The facts are that the police jury of Jefferson parish, which is by law the governing body of said road districts, and the defendant in this case entered into a contract on the 2d of November, 1912, three days before the adoption of said amendment, by which the police jury agreed to sell, and the defendant agreed to buy, the entire issue of the said bonds, $200,000, at par, subject to the condition, however, that defendant should become the successful bidder for the road work, for the doing of which the bonds were issued, and subject also to the condition that the bonds were valid. Subsequently, at a date not fixed either in the evidence or in the pleadings, the defendant became the successful bidder for $10,000 of the work. He refused to accept the bonds, as being invalid for the reason hereinabove considered, and the present suit was brought to compel him to accept them.
The said contract, by which the police jury agreed to sell and the defendant agreed to buy, was binding upon neither party, since the defendant remained at liberty not to bid for the work, or, at any rate, to make a bid impossible of acceptance, and the police jury remained at liberty not to accept his bid. At the time, therefore, of the adoption of said curative amendment to article 281, the said bonds had not been already sold, unless the said work had been already adjudicated to defendant — a point upon which the record affords no enlightenment. For the determination of that point, the case will be remanded.

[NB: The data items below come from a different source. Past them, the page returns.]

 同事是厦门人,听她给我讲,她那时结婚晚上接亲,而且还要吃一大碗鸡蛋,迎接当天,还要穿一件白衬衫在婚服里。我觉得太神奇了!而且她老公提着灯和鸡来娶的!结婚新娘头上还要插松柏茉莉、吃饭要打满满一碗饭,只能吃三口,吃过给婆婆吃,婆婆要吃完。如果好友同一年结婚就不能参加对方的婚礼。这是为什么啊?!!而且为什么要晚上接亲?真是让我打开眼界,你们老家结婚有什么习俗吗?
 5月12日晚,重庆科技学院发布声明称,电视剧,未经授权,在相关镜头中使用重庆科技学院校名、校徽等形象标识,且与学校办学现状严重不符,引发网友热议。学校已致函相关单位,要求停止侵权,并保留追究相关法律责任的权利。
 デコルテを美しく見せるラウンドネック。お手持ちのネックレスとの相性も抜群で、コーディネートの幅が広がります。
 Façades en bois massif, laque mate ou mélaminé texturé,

If the accomplishment of the suspensive condition under which said contract was entered into had not been left to the will of the parties, but had been dependent upon some event not within the control of the parties or of either of them, the said contract would have been binding from date, and would have had full effect from that time, for the accomplishment of the suspensive condition retroacts or refers back to the date of the contract. But where the accomplishment of the condition is dependent entirely upon the will of the parties, or of either of them, there is no contract until the condition has been actually accomplished.

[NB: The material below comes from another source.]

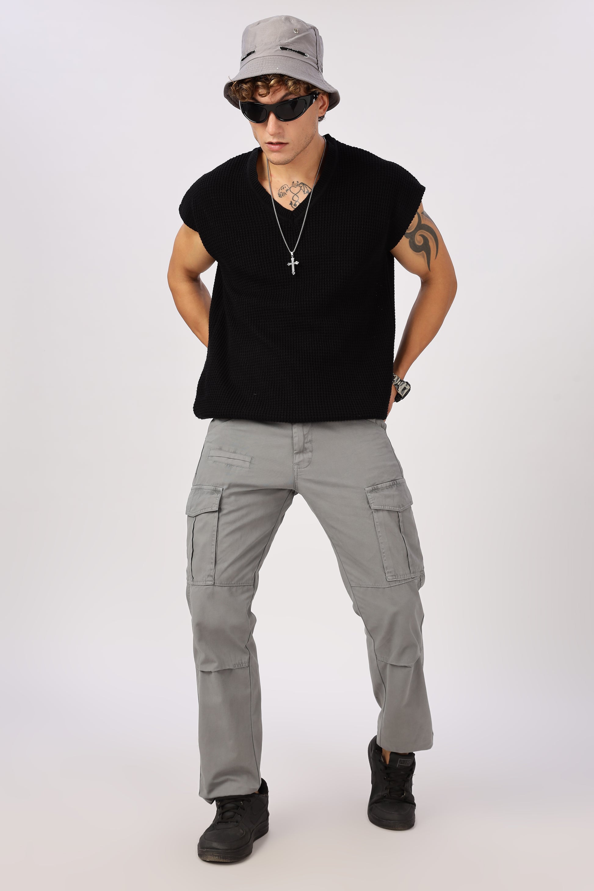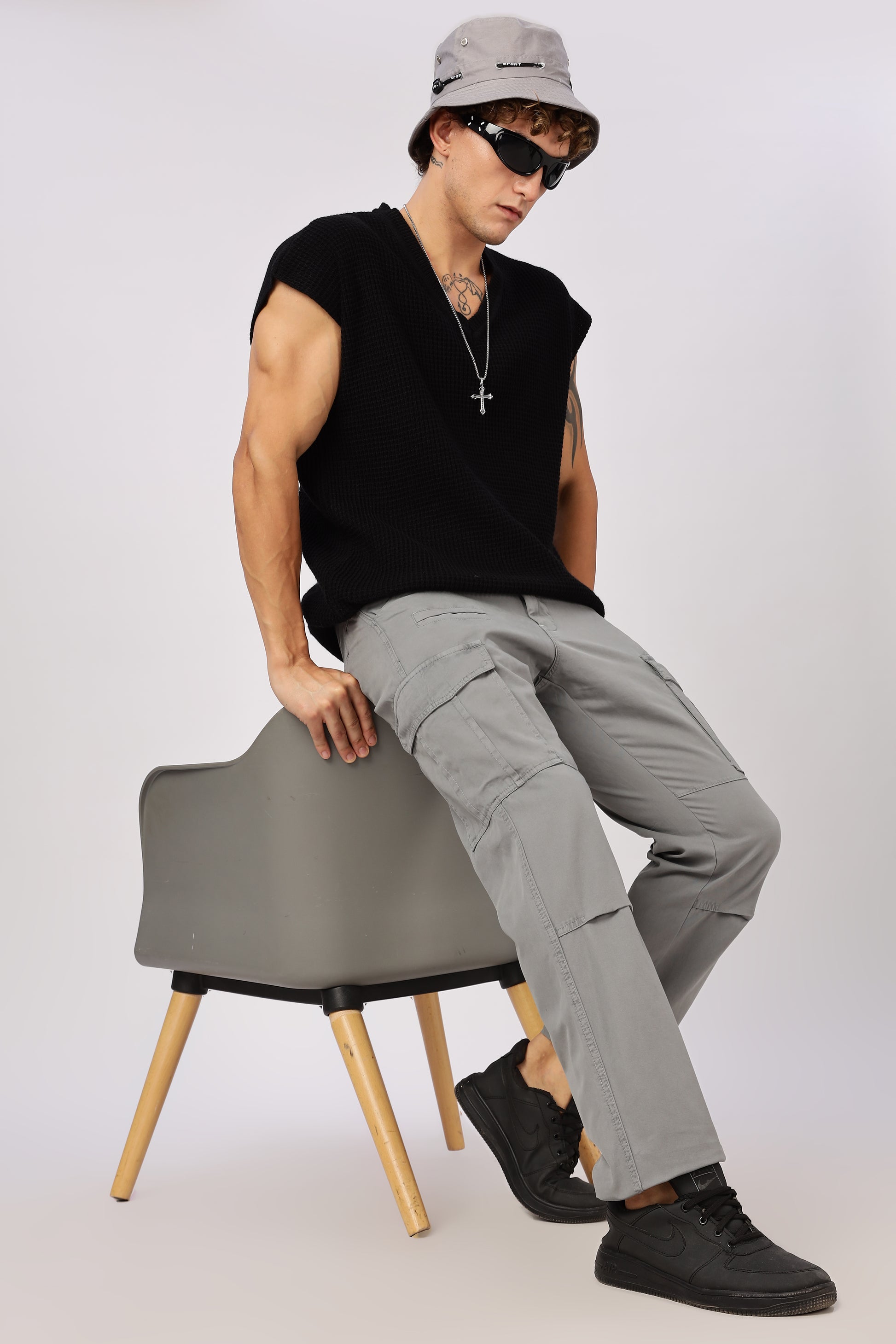 Men Dyed Bulky Cargo-Grey

The said curative provision of article 281 was evidently intended to .protect the bona fide holders of bonds, or, in other words, those who were already owners of the bonds. The defendant was not in that category if he had not already bid on the said work, or if - his bid had not already been accepted, at the date of the adoption of the amendment.
It is therefore ordered, adjudged, and decreed that the judgment appealed from be set aside, and that this ease be remanded, to be proceeded with in accordance with the views hereinabove expressed. The plaintiff *762to pay costs of the appeal, and. the other costs to abide final judgment.
The CHIEF JUSTICE concurs in the decree.